Ability to adhere to complex medical regimens is critical to achieving successful transplant outcomes, as non-adherent patients suffer graft failure and death following transplantation. Since potential recipients greatly exceed organ availability, identification of candidates who will adhere to complex post-transplant regimens is critically important and emphasized by practice guidelines. When selecting candidates for transplant, physicians try to subjectively predict post-transplant adherence because, although tools exist to measure current adherence, tools that reliably predict future adherence are lacking. Despite rigorous medical and psychosocial screening pretransplant, non-adherence rates are high following transplant. Therefore, the current approach for predicting future non-adherence is suboptimal, subjective, and greatly needs strategies for improvement.

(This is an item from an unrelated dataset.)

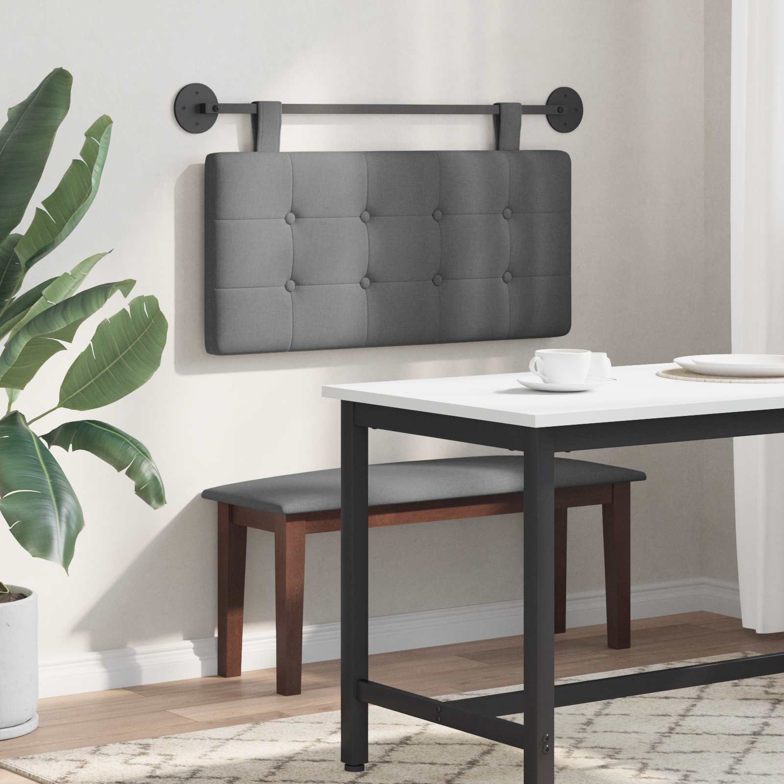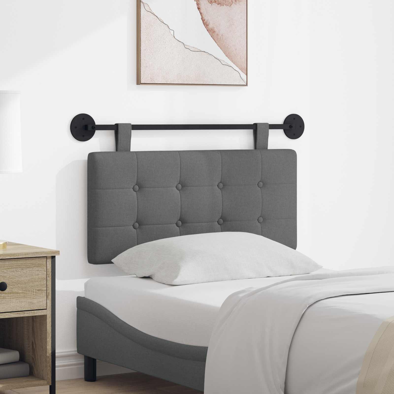 Das hängende Kopfteil ist die moderne Lösung für Ihr Schlafzimmer, mit einem klaren, schnittigen Design. Es ist perfekt, um Eleganz und Funktionalität hinzuzufügen und verwandelt jeden Raum in eine luxuriöse Umgebung. Ob für Ihr Hauptschlafzimmer oder das Gästezimmer, es dient sowohl als Blickfang als auch als funktionales Möbelstück, das Nähe und Stil vereint. Materialien: Dieses Kopfteil aus Stoff hat eine tolle, weiche Oberfläche, die einladend ist. Das gepresste Holz sorgt für Stabilität und Langlebigkeit, was es zur perfekten Wahl für jedes Zuhause macht. Diese Stoffe zusammen bieten eine schicke und langlebige Lösung für Ihr Schlafzimmer. Enthaltene Komponenten: Im Kopfteil-Set sind eine pulverbeschichtete Halterung, zwei runde Platten und zwei lange abnehmbare Gurte enthalten, die zusammen flexible Wandmontage ermöglichen und Stabilität sowie Anpassungsfähigkeit bieten. Außerdem gibt es umfassendes Zubehör zur einfachen Montage. Funktionen / Funktion / Design: Mit seinem hängenden Design wird das Kopfteil sicher an der Wand befestigt. Die weiche Polsterung bietet zusätzlichen Komfort und der atmungsaktive Stoff ist angenehm auf der Haut. Der stabile, abnehmbare Gurt sorgt für Vielseitigkeit und macht es anpassungsfähig für Ihren Raum. Empfohlene Verwendungszwecke: Ideal für verschiedene Schlafzimmer, bietet das Kopfteil sowohl Komfort als auch Stil. Sein modernes Design passt perfekt in zeitgenössische Räume und verleiht einen schlanken, modernen Look, der gut zu vielen Dekoren passt. Pflege & Wartung: Die Pflege ist ganz einfach: Wischen Sie das Kopfteil mit einem trockenen Tuch ab, um Staub zu entfernen. Vermeiden Sie aggressive Chemikalien, um die Stoffstruktur zu erhalten.

Pre-transplant self-management abilities represent a marker of future adherence post-transplant. Assessing self-management as a means for predicting future adherence has been largely overlooked. Self-management is defined as "taking responsibility for one's own behavior and well-being" and consists of three management tasks: medical condition, emotions, and social roles. Self-management ability can be measured. However, self-management has not been systematically studied in heart and lung transplant patients. Fostering self-management abilities may improve post-transplant outcomes by optimizing not only adherence, but also proven pretransplant risk factors (e.g. frailty and obesity).Self-management abilities may be improved via behavioral interventions such as health coaching.Self-management represents a measurable criterion that could be utilized in pre-transplant screening and serve as a point of intervention for optimizing adherence and pre-transplant risk factors.The overall objective of the proposed research is to improve the knowledge gap regarding self-management (and thereby adherence) in transplant by qualitatively and quantitatively studying patient factors associated with self-management and testing an intervention that may improve self-management.

The investigators hypothesize: Individualized health coaching including strategies to address poor resilience, coping with uncertainty, frailty, and/or negative affect will be an effective therapeutic strategy at improving self-management while in the pre-transplant state.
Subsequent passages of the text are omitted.